→ ACTIVITY: The whole listing below should be retyped exactly, without any images.

---------- SUPPLIED INFORMATION

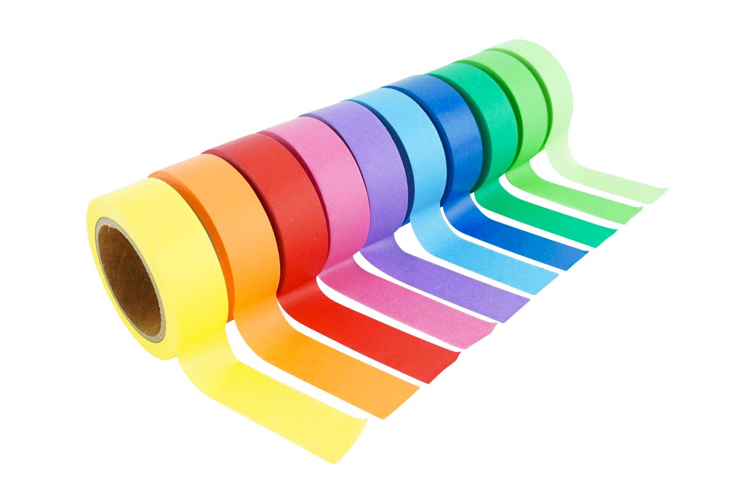 Assortment of 10 rolls of masking tape in solid colors of the rainbow. A beautiful assortment that will be useful for all your creative projects.
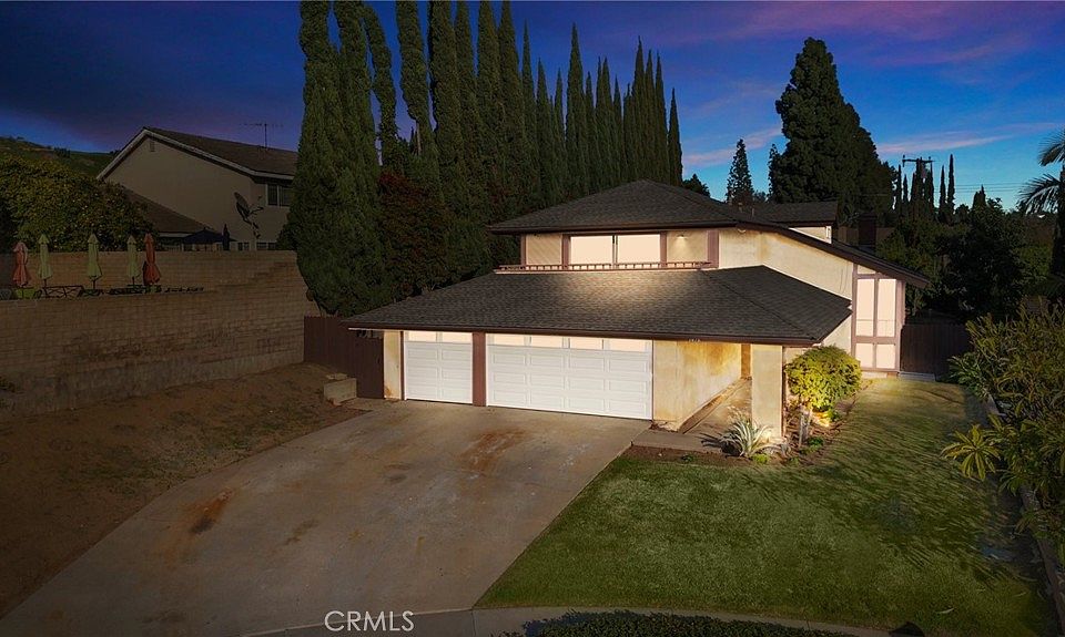 THIS HOME IS A MUST SEE! This beautiful home is located in the prestigious community of North Hills & Pleasant Hills area of Brea! It features 4 bedrooms and 3 bathrooms with 2,366 square feet of spacious living space on a 11,160 sq foot lot! Large living room at the entry with cathedral ceiling, lots of natural lighting, beautiful brick fireplace, beautiful view of the backyard and is adjacent to the formal dining room. The kitchen features plenty of cabinetry for storage, double ovens, gas cooktop, recessed lighting, counter seating and is open to the family room. The main floor also features a DOWNSTAIRS BEDROOM, BEAUTIFUL BATHROOM WITH SHOWER and Laundry Room. Upstairs showcases a LARGE Owners Suite that includes a beautiful bathroom with double sink vanity, private shower, TWO closets and your own private balcony. Two additional large secondary bedrooms and a beautiful full bathroom down the hall. The backyard is ready for your next BBQ! This private backyard features a HUGE yard with mature landscaping, fruit trees, concrete patio area. Take advantage of the Award-winning Brea Olinda Unified School District, Close to the Brea Mall, Downtown Brea, Restaurants. Come view this beautiful house and make it yours today!
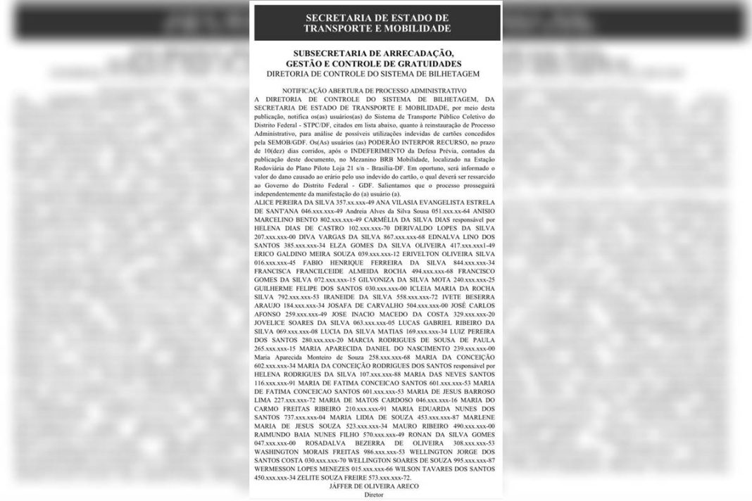 O Governo do Distrito Federal (GDF) divulgou o nome dos passageiros do Sistema de Transporte Público Coletivo (STPC-DF) que tiveram processo administrativo aberto por uso indevido dos cartões de livre acesso aos serviços de mobilidade. A lista pode ser conferida no Diário Oficial (DODF) desta quarta-feira (12/6).
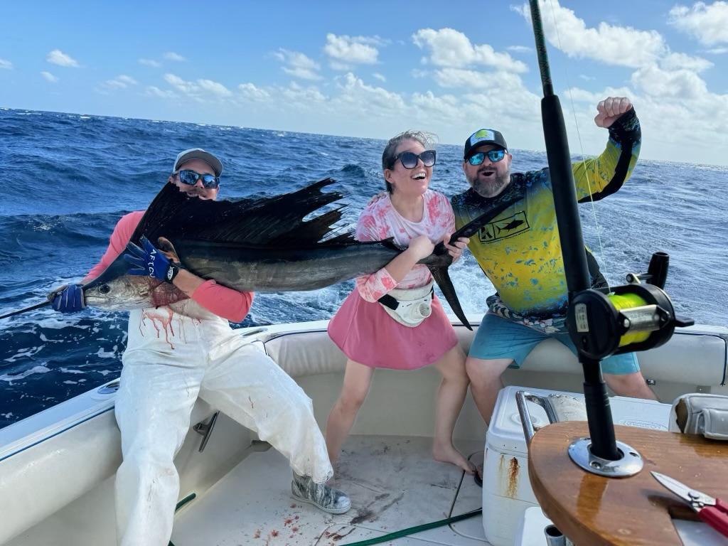 Anthony and his family booked a 3/4-day charter. First, we trolled the reef and caught King Mackerel, which were in 150 feet of water. Then we trolled down to a couple of sunken wreck structures. These sunken shipwrecks hold a lot of baitfish and in turn a variety of different species. Using a live bait, we sent a treble hook rig down to the wreck. It didn’t take long before we hooked a Barracuda. We headed out to a deeper part of the wreck, and using a heavier mono rig, hooked an Amberjack. After repeating the process, we hooked another 2 Amberjacks. These Amberjacks can weigh 30 to 60 pounds and make for a fun fight. Trolling a spread of dead baits back up the reef, we caught a Sailfish in 150 feet of water. After we removed the hook and took a quick picture, we released it back into the water.

--------------------

→ YOUR SOLUTION:
 Assortment of 10 rolls of masking tape in solid colors of the rainbow. A beautiful assortment that will be useful for all your creative projects.
 THIS HOME IS A MUST SEE! This beautiful home is located in the prestigious community of North Hills & Pleasant Hills area of Brea! It features 4 bedrooms and 3 bathrooms with 2,366 square feet of spacious living space on a 11,160 sq foot lot! Large living room at the entry with cathedral ceiling, lots of natural lighting, beautiful brick fireplace, beautiful view of the backyard and is adjacent to the formal dining room. The kitchen features plenty of cabinetry for storage, double ovens, gas cooktop, recessed lighting, counter seating and is open to the family room. The main floor also features a DOWNSTAIRS BEDROOM, BEAUTIFUL BATHROOM WITH SHOWER and Laundry Room. Upstairs showcases a LARGE Owners Suite that includes a beautiful bathroom with double sink vanity, private shower, TWO closets and your own private balcony. Two additional large secondary bedrooms and a beautiful full bathroom down the hall. The backyard is ready for your next BBQ! This private backyard features a HUGE yard with mature landscaping, fruit trees, concrete patio area. Take advantage of the Award-winning Brea Olinda Unified School District, Close to the Brea Mall, Downtown Brea, Restaurants. Come view this beautiful house and make it yours today!
 O Governo do Distrito Federal (GDF) divulgou o nome dos passageiros do Sistema de Transporte Público Coletivo (STPC-DF) que tiveram processo administrativo aberto por uso indevido dos cartões de livre acesso aos serviços de mobilidade. A lista pode ser conferida no Diário Oficial (DODF) desta quarta-feira (12/6).
 Anthony and his family booked a 3/4-day charter. First, we trolled the reef and caught King Mackerel, which were in 150 feet of water. Then we trolled down to a couple of sunken wreck structures. These sunken shipwrecks hold a lot of baitfish and in turn a variety of different species. Using a live bait, we sent a treble hook rig down to the wreck. It didn’t take long before we hooked a Barracuda. We headed out to a deeper part of the wreck, and using a heavier mono rig, hooked an Amberjack. After repeating the process, we hooked another 2 Amberjacks. These Amberjacks can weigh 30 to 60 pounds and make for a fun fight. Trolling a spread of dead baits back up the reef, we caught a Sailfish in 150 feet of water. After we removed the hook and took a quick picture, we released it back into the water.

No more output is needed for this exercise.